Philippine Supreme Court Jurisprudence


Philippine Supreme Court Jurisprudence > Year 1963 > March 1963 Decisions > G.R. No. L-18748 March 30, 1963 - LUCENA VALENZUELA v. FELICISIMO BALAYO:




PHILIPPINE SUPREME COURT DECISIONS

EN BANC

[G.R. No. L-18748. March 30, 1963.]

LUCENA VALENZUELA, Plaintiff-Appellee, v. FELICISIMO BALAYO, Defendant-Appellant.

Rodolfo Carandang for Plaintiff-Appellee.

Bonot, Falcon & Cajot, for Defendant-Appellant.


SYLLABUS


1. APPEAL; PENDENCY OF APPEAL IN COURT OF FIRST INSTANCE; NOTICE TO PARTIES VALID. — Section 7, Rule 40 of the Rules of Court, which governs appeals from justice of the peace courts to courts of first instance, expressly provides that notice of the pendency of the appeal should be given to the parties. This provision can not be interpreted to mean that the notice would be valid only if given to the lawyers of the parties (Ortiz v. Mania 93 Phil., 317 June 2, 1953.)


D E C I S I O N


DIZON, J.:


Appeal from an order of the Court of First Instance of Camarines Sur denying Felicisimo Balayo’s motion to annul and set aside its order declaring him in default and the judgment subsequently rendered against him in Civil Case No. 3753.

In the Justice of the Peace Court of Sipocot, Camarines Sur, appellee Lucena Valenzuela filed an action for forcible entry against appellant. After trial said court rendered judgment against the latter, who appealed therefrom in due time to the Court of First Instance of said province. On April 13, 1957, notice of the docketing of the case on appeal (Civil Case No. 3753) was sent by the Deputy Clerk of said court to the parties by registered mail. Appellant received this notice on April 27 of the same year.

Four months later, that is, on August 20, 1957, appellee filed a motion to declare appellant in default and on August 24, 1957 the Court granted the same, and after receiving appellee’s evidence rendered judgment in her favor on October 28, 1957.

On December 7, 1957 appellant filed a motion to set aside the order of default and the judgment, and to allow him to present his evidence, claiming that the notice mentioned heretofore should have been served not on him but on his attorney, who filed the notice of appeal, and that no proof of such service was presented to the Court.

On February 20, 1958, the Court issued the appealed order.

Appellant raises the same issues in the five assignment of errors submitted in his brief. After considering the facts obtaining in this case and the law applicable thereto, we find his contentions to be untenable.

In the first place, the record discloses that although appellant received notice of the appealed case from the deputy clerk of the lower court on April 27, 1957, he not only failed to file his answer to the complaint within the reglementary period of fifteen (15) days but filed his motion for relief from the order of default only on December 7, 1957, and the same was not under oath nor accompanied with supporting affidavits of merits.

In the second place, the service of the notice mentioned heretofore on appellant himself instead of on the lawyer who filed, in his behalf, in the Justice of the Peace Court the corresponding notice of appeal was regular and in accordance with our decision in Ortiz v. Mania, G.R. No.
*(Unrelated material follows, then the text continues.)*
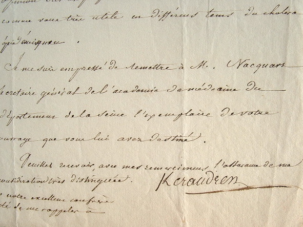 Keraudren commente l'ouvrage sur le Cholera Morbus de son correspondant : "Les nombreux succès que vous avez obtenus sont très remarquables et les bons effets que vous avez retirés de l'esprit de Minderer ne le sont pas moins. Je partage toutefois votre opinion sur les propriétés de ce médicament, je le crois comme vous très utile en différents tems du choléra épidémique [...]". Il a fait remettre l'exemplaire à l'Académie de médecine.

L-5147, June 2, 1953, where we held:jgc:chanrobles.com.ph

"In his second assignment of error appellant claims that no legal notice of the pendency of the action in the Court of First Instance was given him, because the notice was given to him and not to his attorneys. But the trial court found that the attorneys who perfected appellant’s appeal from the justice of the peace court were his lawyers only for that purpose, i.e., to perfect the appeal. . . . Appellant’s claim is, therefore, not justified by the facts.

"But assuming, for the sake of argument, that said attorneys were, from the time they perfected defendant’s appeal, the defendant’s lawyers, Section 7 of Rule 40, which governs appeals from justice of the peace courts to Courts of First Instance, expressly provides that notice of the pendency of the appeal be given to the parties. This provision, being express and specific, can not be interpreted to mean that the notice can be given to the lawyer alone. The reason for this provision for notification of parties, and not of the lawyers, lies in the fact that on an appeal from an inferior court, only the complaint in the justice of the peace court is deemed reproduced, and the proceeding immediately following the filing of the complaint is the summoning of the defendant. Instead, however, of being summoned, he is only personally notified because he is already within the court’s jurisdiction, the notice taking the place of the summons."cralaw virtua1aw library

IN VIEW OF ALL THE FOREGOING, the order appealed from is affirmed, with costs.

Bengzon, C.J., Padilla, Bautista Angelo, Labrador, Concepcion, Reyes, J.B.L., Barrera, Paredes, Regala and Makalintal, JJ., concur.